‘Morally condemnable’: China’s ambassador to Russia scolds Chinese returnees
Photo by Huizhong Wu / Reuters
Chinese nationals in Russia are swarming to the Heilongjiang border amid Russia’s rising number of COVID-19 cases, but they’ve been discouraged from crossing back to China by an unlikely source: China’s ambassador to Russia.
“There are some Chinese people who, by some means, broke through the border to return to China. In fact, they brought the virus back. This is morally condemnable,” Zhāng Hànhuī 张汉晖, China’s ambassador to Russia and the former vice minister at the Ministry of Foreign Affairs, said on April 17 during a video conference with Chinese expatriates in Russia. The video was live-streamed on social media by China’s state broadcaster CCTV.
Chinese ambassador to Russia telling Chinese citizens to take care of themselves there and give up hope of returning to China until the pandemic is over. This comes amid increase of imported cases at CN-Russia border pic.twitter.com/E2gXkWAtDl
— Alice Su 蘇奕安 (@aliceysu) April 19, 2020
According to Zhang, many Chinese citizens have falsely claimed that Russia is no longer allowing them to stay and that they have no other options. “This kind of practice is truly despicable,” he said. “You’re enjoying the food of Sino-Russian cooperation while smashing the pot of Sino-Russian relations. This has crossed the bottom line of morality.”
As China has largely contained domestic COVID-19 infections, it’s made preventing imported cases the nation’s top priority. Suifenhe, a port city in Heilongjiang Province on the Sino-Russian frontier, has recently seen a surge in imported cases — 243 cases have been found among returning citizens as of April 13, when China temporarily shut the Suifenhe-Pogranichny border. Despite the closure, some citizens still attempted to cross, according to the Chinese consulate in Vladivostok.

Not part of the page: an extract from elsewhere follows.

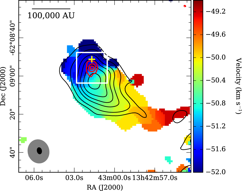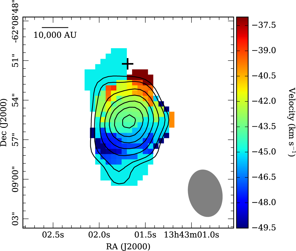 30 PA = −31.1°, respectively. The H29α image had an rms noise of 1.3 mJy beam−1 in a channel width of 2.0 km s−1 (larger than the native spectral resolution of 0.33 km s−1), and the C34S had an rms noise of 4 mJy beam−1 in a channel width of 1.4 km s−1. The ALMA and APEX C34S images were combined using the CASA task feather.

The land border will not reopen to travelers “until the epidemic ends completely,” Zhang said. “For the Chinese citizens stranded in the Russian Far East, they need to be quarantined locally while arranging their own lives and preparing to live there until the end of the pandemic.”
Over recent years, the repatriation of citizens amid crises abroad has become a major theme in Chinese nationalist films and propaganda. The Chinese action film Wolf Warrior 2, for example, features the story of a retired People’s Liberation Army soldier helping rescue Chinese nationals from an unnamed African country in turmoil. The ending scene shows a Chinese passport cover with these words: “No matter what kind of danger you encounter overseas, please remember that there is a strong motherland behind you.” (These words do not appear on actual passports.)
But as China closes its borders, encouraging its citizens not to return home, the fantasy in Wolf Warrior has been revealed to be just that: a fantasy. After China closed its borders to foreign citizens last month, its aviation authorities capped the number of inbound flights, permitting each airline company to only operate one flight per destination country per week — which effectively forced many overseas citizens to cancel their travel plans. Some of those who had successfully made it back were reprimanded on social media for potentially impeding the country’s collective effort against the virus.
Although Chinese missions in the U.S. and Europe have arranged charter flights to repatriate underaged citizens while distributing protective gear to others, repatriation of all Chinese would have been unrealistic considering the number of PRC citizens abroad.
Admittedly, returning to China via Suifenhe is risky, partly due to the lack of medical resources in Russia’s Primorsky Krai. While the Russian Far East hasn’t seen a major outbreak, many returning Chinese citizens flew into the region from western cities such as Moscow and St. Petersburg, which have been hit hard by COVID-19, and where international flights to Chinese cities have been curtailed. It is likely that many Chinese were infected on their journey to the border, as public health professionals usually recommend seeking shelter locally and avoiding travel.
Either way, many in China were incensed by Zhang’s remarks and his aggressive tone — which they found irresponsible and disappointing. “At first, China did well in the fight against the coronavirus, and won the recognition of the people,” according to one popular WeChat article, published under the name Wulingke. (The original piece has been censored, but it’s archived on China Digital Times.) “But Ambassador Zhang’s remarks were really staggering. Even if there’s a high pressure of preventing imported cases on the Sino-Russian border, he shouldn’t blame his countrymen like this.”
“Facing an outbreak in Russia, it is understandable for normal people to return to China,” the article continued. “As a big and powerful nation that is responsible for its citizens, [China] should not have turned them away.”